Findings & Observations

The Tribunal examined the written consents obtained from stakeholders:

Transferor Company No. 1 (Pandey Leasing):

  • Equity Shareholders: 4 shareholders (100% consent by value of ₹1,04,000)
  • Unsecured Creditors: 17 creditors (97.01% consent by value of ₹66,01,091)
  • Secured Creditors: None

Transferor Company No. 2 (Varuna Biocell):

  • Equity Shareholders: Details not provided in extract
  • Unsecured Creditors: Details not provided in extract
  • Secured Creditors: None

Transferor Company No. 3 (Varuna Herbo Biotec):

  • Equity Shareholders: 5 shareholders (100% consent by value of ₹16,64,000)
  • Unsecured Creditors: 1 creditor (100% consent by value of ₹1,70,231)
  • Secured Creditors: None

Transferee Company (Swastik Formulations):

  • Equity Shareholders: 5 shareholders (100% consent by value of ₹11,17,500)
  • Unsecured Creditors: 106 creditors (94.08% consent by value of ₹3,38,55,754)
  • Secured Creditors: None

The companies filed their latest audited financial statements as of 31.03.2025 and provisional financial statements as of 15.02.2026.

Penalties / Settlements / Directions

Share Exchange Ratio: Based on valuation report dated 17.02.2026 by CS Bidisha Achari (IBBI/RV/03/2022/15194):

  • Transferor Company No. 1: 1 equity share of Transferee Company for every 2 equity shares held
  • Transferor Company No. 2: 10 equity shares of Transferee Company for every 1 equity share held
  • Transferor Company No. 3: 1 equity share of Transferee Company for every 7 equity shares held

Employee Protection: Clause 6 of the Scheme protects the interests of workmen and staff of all companies.

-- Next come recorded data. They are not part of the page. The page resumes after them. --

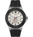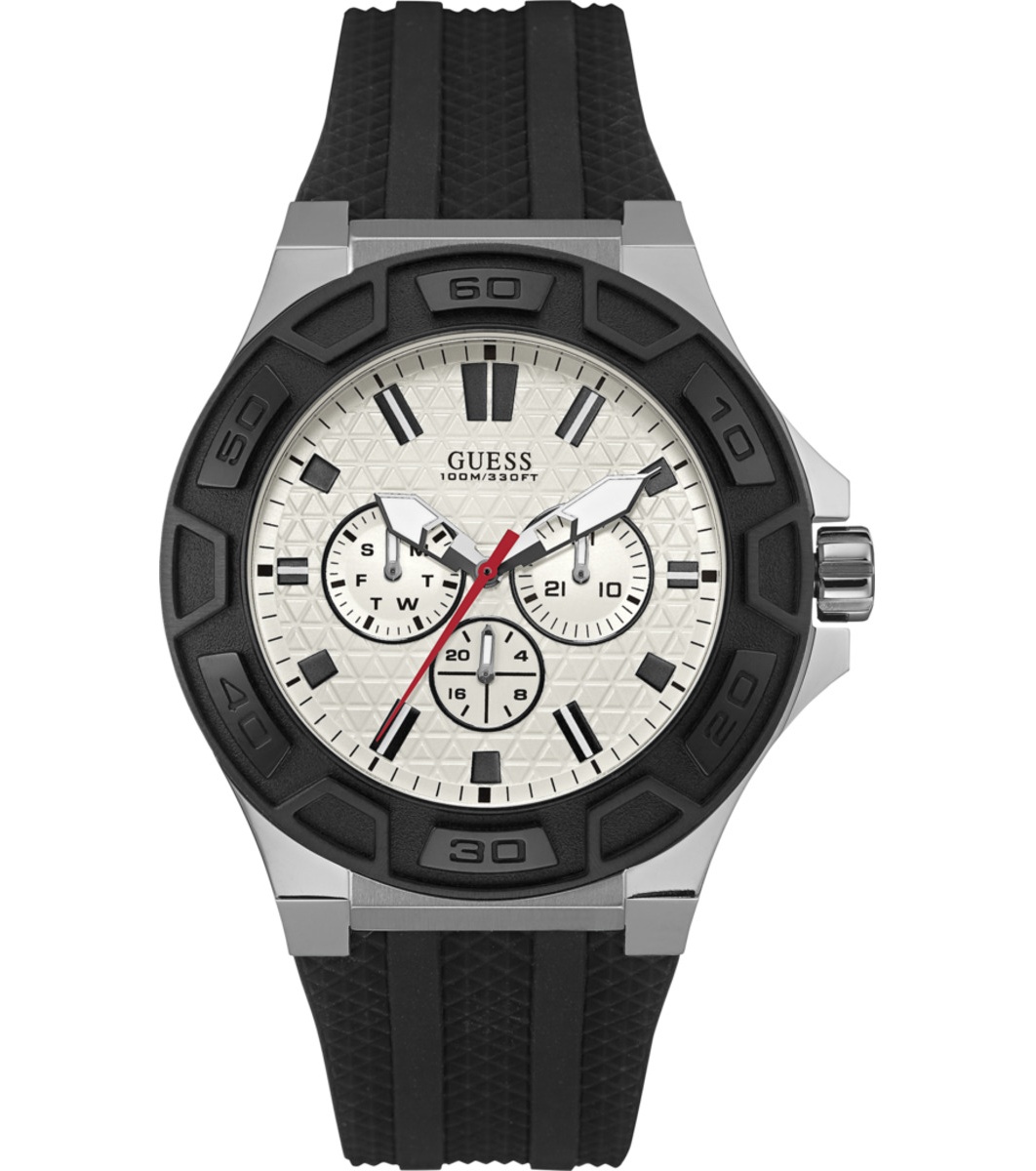Ceas analogic bărbătesc cu afișaj rotund. Există trei cadrane suplimentare pentru dată și oră. Luneta are indicații pentru minute. Rezistent la apă până la 100 de metri.
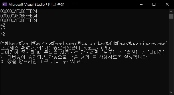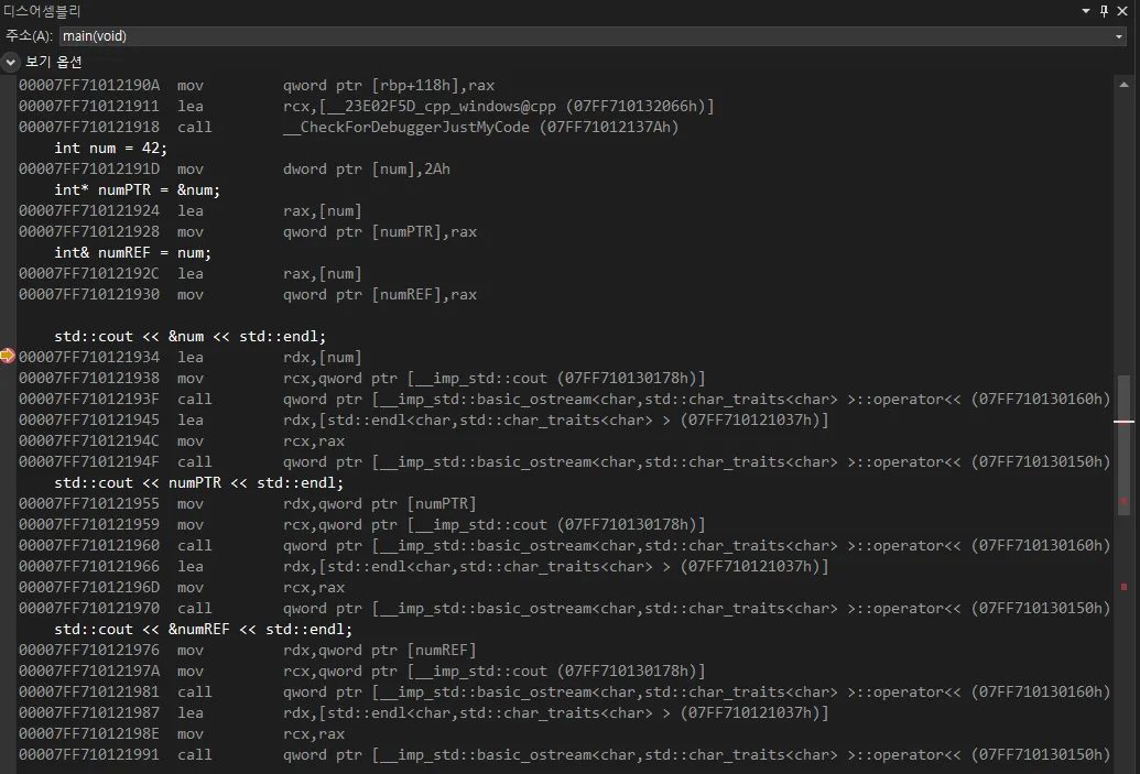 참조와 포인터의 내부 동작이 동일한 것을 확인할 수 있다.
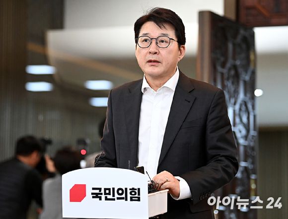 신동욱 국민의힘 중앙선거대책위원회 수석대변인이 지난해 12월 6일 서울 여의도 국회에서 열린 의원총회 관련 브리핑을 하고 있다. [사진=곽영래 기자]

Corrective Actions & Future Obligations

The Tribunal directed that the Second Motion Petition must include notices to:

1. Central Government through Regional Director, Northern Region, MCA, New Delhi (rd.north@mca.gov.in)

2. Registrar of Companies, Uttar Pradesh, Kanpur (roc.kanpur@mca.gov.in)

3. Official Liquidator, Allahabad (ol.allahabad@mca.gov.in)

4. Jurisdictional Income Tax Department, Principal Chief Commissioner of Income Tax, Lucknow (lucknow.pccit@incometax.gov.in)

The Second Motion Petition must be filed within the prescribed time period under the Act and corresponding rules.

Final Ruling & Enforcement

The First Motion Application was allowed with the following directions:

  • Meetings of equity shareholders of all companies are dispensed with due to 100% consent
  • Meetings of unsecured creditors are dispensed with due to sufficient consent (94.08%-100% by value)
  • No secured creditors exist in any company, so no meetings required
  • Liberty granted to file Second Motion Petition with specific notice requirements
  • Publication in newspapers to be addressed in second motion petition

The scheme aims to achieve better management control, simplify corporate structure, reduce compliance costs, eliminate duplication, achieve economies of scale, and allow management to focus on business growth.